Христианские саперы вырыли шахту под стенами замка, и когда осадное орудие оказалось на месте подкопа, оно просто провалилось под землю. Поскольку летний зной был в разгаре и завершался сезон военной кампании, сарацинские командующие решили отвести свое войско, осада была снята, и Маргат остался под властью христиан. Из начального состава защитников крепости — ста семидесяти пяти рыцарей — в живых остался двадцать один человек, включая дядюшку Рамона.
Не знаю, почему барон Берньер не захотел использовать греческий огонь, как только мы начали обстрел. Ему не терпелось разбить вражеские укрепления раньше, чем это сделает дон Фернандо, и он, видимо, считал, что каменные снаряды сделают это быстрее.
Дядюшка Рамон сказал, что мы вернемся к первоначальному плану сражения. Команды госпитальеров при баллистах продолжат обстреливать замок камнями, чтобы пробить брешь в западной стене, однако будут перемежать эти залпы с залпами греческого огня. Такой маневр сделает возможным штурм одной из башен замка с помощью осадного орудия. Рамон сказал, что греческий огонь вызовет неразбериху и панику внутри замка и отвлечет внимание сарацин от нашей атаки.

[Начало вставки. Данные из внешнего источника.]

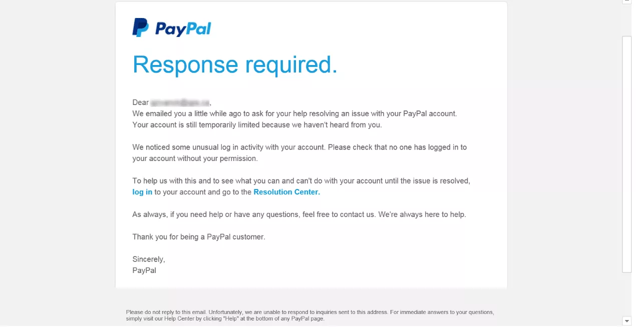 - “您的帳戶有問題。”讓網絡釣魚受害者上鉤的另一種常見方法是嚇唬他們或讓他們感到緊張。例如,圖像電子郵件試圖讓收件人相信他們的 PayPal 帳戶經歷了“不尋常的登錄活動”。

Как только греческий огонь отнесли на передовую и выстрелили им по замку, ход битвы кардинально переменился. Греческий огонь взрывался, окутывая все дымом, там и сям на стенах вспыхивал огонь — кое-где они были построены из дерева. Шум и смятение внутри замка воодушевили наших воинов, наконец-то стряхнувших с себя оцепенение после страшной гибели своих собратьев.
Когда осадное орудие подкатили к замку так близко, что оно оказалось в пределах досягаемости стрел сарацинских лучников, дядюшка Рамон отдал приказ рыцарям Калатравы подниматься на верхний этаж осадной башни. Мы должны были первыми нанести удар по крепостному валу, а госпитальерам следовало занять нижние этажи, чтобы потом прийти нам на подмогу.
Перед тем как войти в осадную башню вместе со своими людьми, дядюшка Рамон передал командование войском полковнику Делакорту, первому заместителю барона.
— Полковник, — обратился к нему Рамон, — приказываю вам оставаться в живых, чтобы руководить сражением.
— Рамон, — ответил полковник Делакорт, — моя жизнь, как и ваша, в руках Иисуса. Я надеюсь, что сегодня Он отнесется к нам обоим благосклонно.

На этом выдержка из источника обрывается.